With HMRC responsible for some 60% of all winding up petitions (obviously before being told to become the next national bank for SME's) one could argue that aggressive creditors control whether a company goes into an insolvency procedure.

But there is another force at work here. Many companies use factoring, invoice discounting and trade insurance to assist with working capital in their business. In the last 2 weeks I have been planning to write this piece because it is the TRADE INSURERS that are now controlling the future of thousands of UK companies SME or large companies.

If the trade insurer removes cover on a debtor company, your company could suffer rapidly. Last week I met with a company that had suffered a £300,000 hit to cashflow because the factoring company it used had clawed back advances against General Motors invoices.

This week I am reliably informed that suppliers to Ford have had a similar unilateral decision forced upon them. Indeed this was from an ex client who had successfully exited their CVA. Perhaps this could be rectified by Ford Motors paying in say 30 days or less, if not this could undo 3 years of hard turnaround work.

Rover was brought down by trade insurers refusing to cover their risk, Woolworths faced the same ignominy last week, others will see the same thing happen to them and usually to one of their larger customers.

Cascade this down through the supply chain and big problems lie ahead even for profitable companies.

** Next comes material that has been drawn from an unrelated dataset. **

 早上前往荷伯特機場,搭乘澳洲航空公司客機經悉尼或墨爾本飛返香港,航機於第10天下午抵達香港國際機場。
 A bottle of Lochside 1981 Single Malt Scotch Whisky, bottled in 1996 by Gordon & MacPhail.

So the answer to my question - Atradius, Euler Hermes and Coface? If you don't know these names you soon will.

Monday, 1 December 2008

Falling off a cliff...the worry that REALLY troubles SME directors

With Government fiddling whilst UK business burns, its distressing to hear story after story of doom and gloom. Good job I am a relentlessly optimistic person, you have to be to do rescue and recovery work!

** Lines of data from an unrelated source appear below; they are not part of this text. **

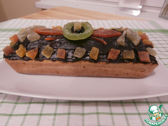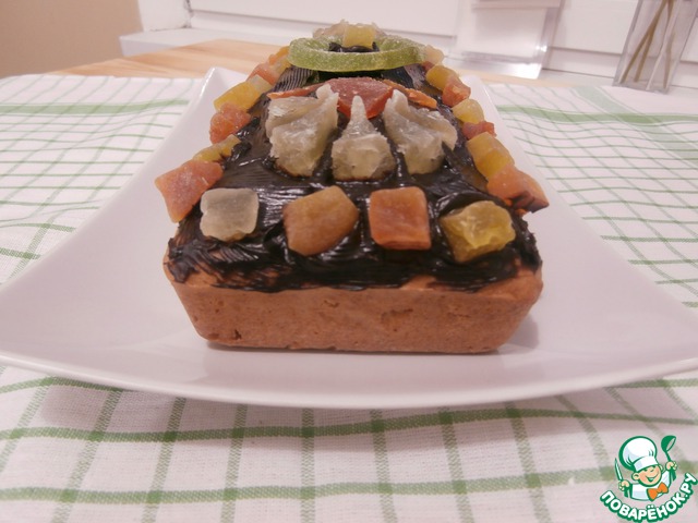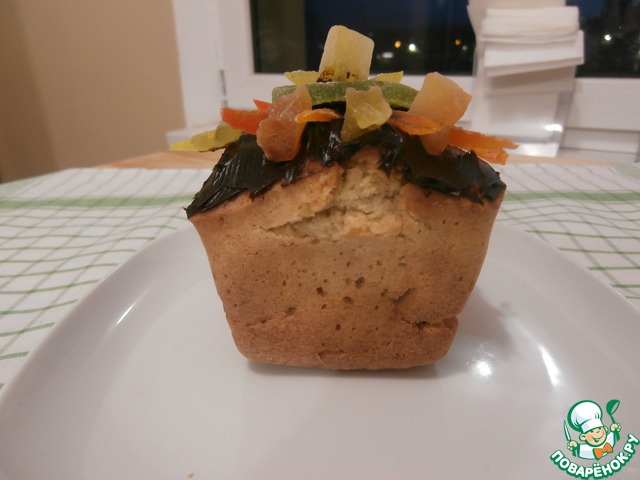 Растопить на водяной бане шоколад, полить кекс, украсить цукатами, веточкой мяты. Цукаты и крупную стружку шоколада можно добавить при замесе в тесто.
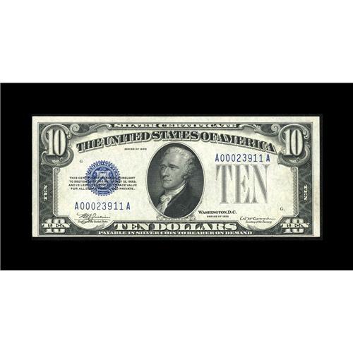 <B>Fr. 1700 $10 1933 Silver Certificate. Choice Crisp Uncirculated.</B></I><BR>A rare and in demand note in every grade, with the supply clearly inadequate to cover the demand for this much sought after one year type. The supply of these notes has all but dried up in recent years, and it isn't often that collectors have the opportunity to obtain an Uncirculated example. The bottom margin is very tight, but at no point does it touch the design of the note, and in all other respects this example is gem...but without the gem price tag.
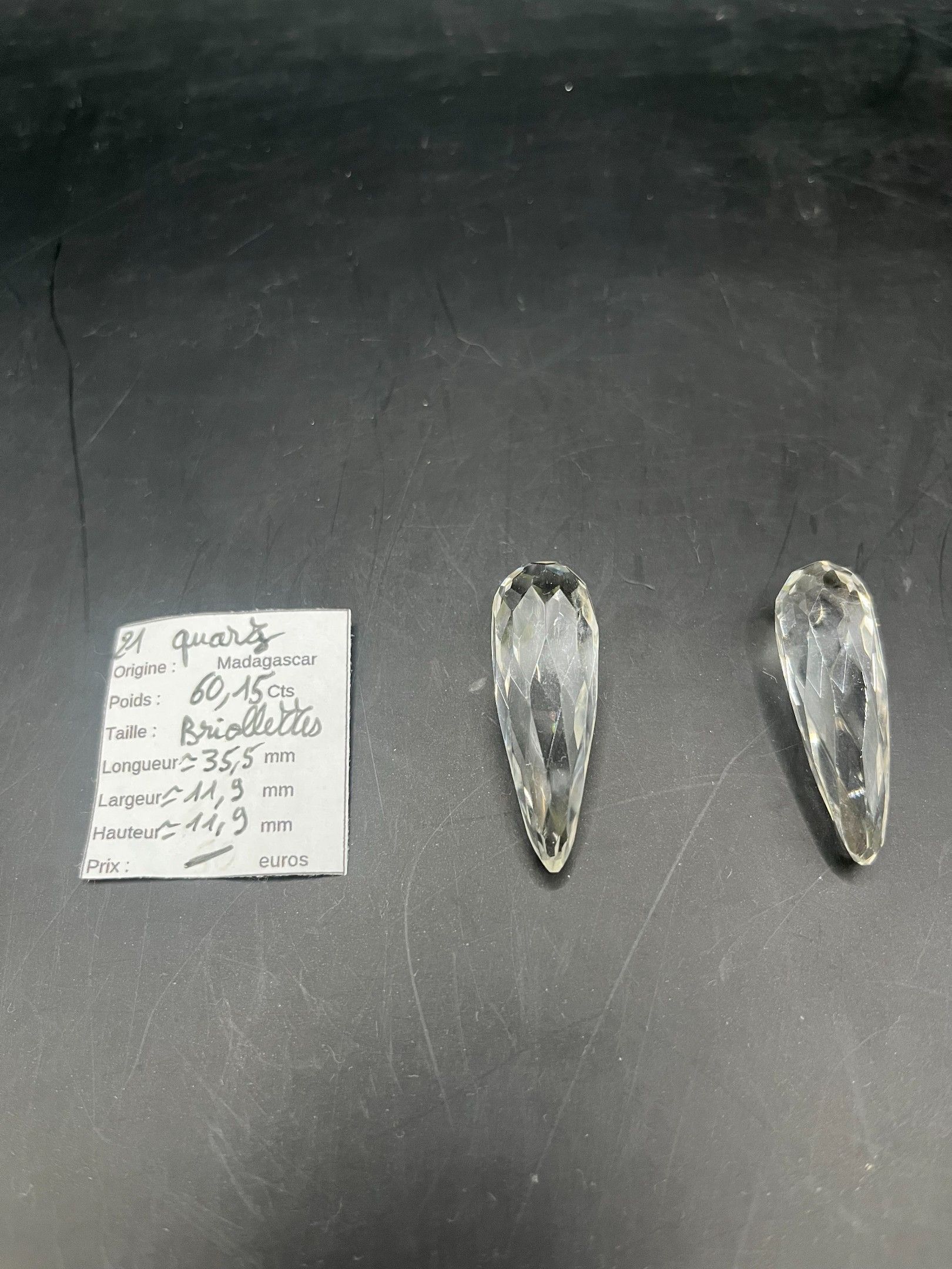 lot of 2 white quartz briollette cut 60,15cts (about 35,50mm…
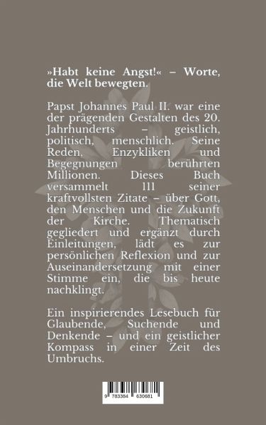 Worte, die die Welt bewegten - 111 Zitate von Johannes Paul II. über Gott, den Menschen und die Zukunft der katholischen KircheEin Buch voller geistlicher Tiefe, zeitloser Impulse und kluger Worte.Papst Johannes Paul II. war nicht nur das Oberhaupt der katholischen Kirche, sondern auch Philosoph, Menschenfreund und Wegweiser in einer Epoche der Umbrüche. Seine Worte wirkten über Konfessions- und Landesgrenzen hinaus - sie trösteten, forderten heraus und schenkten Orientierung.
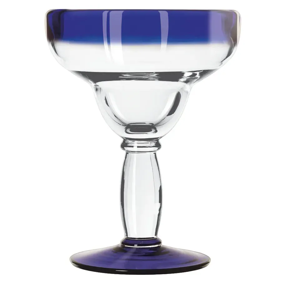 Stay competitive with cutting-edge options using the Libbey Glass, 92308, Glass, Margarita. This hand-blown margarita glass is designed to elevate your restaurant's drink presentation. With a capacity of 12 oz., it is perfect for serving refreshing margaritas to your customers. The cobalt blue rim and foot add a touch of elegance and style to any table setting, making it ideal for upscale establishments. The anneal treated glass ensures durability and longevity, even with frequent use in a busy restaurant environment. This glass is dishwasher and microwave safe, allowing for easy cleaning and reheating of beverages. The Libbey Glass, 92308, Glass, Margarita measures H 6-3/8" T 4-5/8" B 3-1/2" D 4-5/8", providing ample space for garnishes and ice. Enhance your drink service and impress your customers with this high-quality margarita glass.
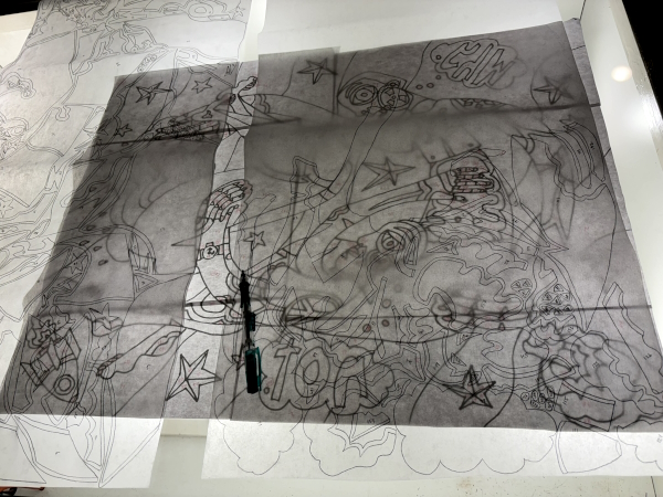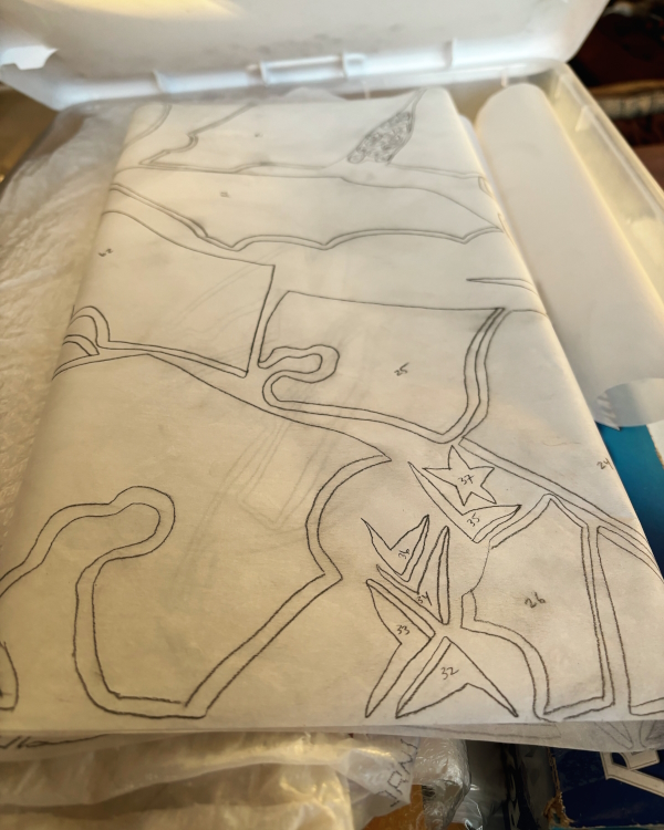 Art progress: Monday night, I was fine. I started tracing Wonder Under for the new quilt. I did the sky, mostly. I didn’t have a full hour.

People are asking me the same questions every day now, "what are sales like for other people? "have they fallen off a cliff"? "I am desperate for cash, my customers are slowing down payment, what can I do"?

These are of course anecdotal and based upon the micro business issues they face, but today the bigger picture started to emerge. Sales HAVE fallen off a cliff, read the excerpt from the BBC news site today below

Record decline in manufacturing

Collapsing new orders have been blamed for the weak figures. British manufacturing shrank in November at the fastest rate since the figures began being collected in 1992. The Purchasing Managers' Index fell to 34.4 from October's figure of 40.7, which was both the lowest level and biggest fall seen on the index. The fall in the figures was based on a collapse in new orders.

Alan Clarke at BNP Paribas described the index as being at "absolutely horrific levels".
"We are already seeing a pretty rapid pace of contraction in hard manufacturing activity in the UK and it is going to get even worse.

Worrying times indeed, I now forecast that cashflow will reach critical levels in the weeks after Christmas, with factory and business shutdowns its easy not to pay your creditors, trouble is your customers won't be paying YOU either.

So manage cash, costs and spending NOW.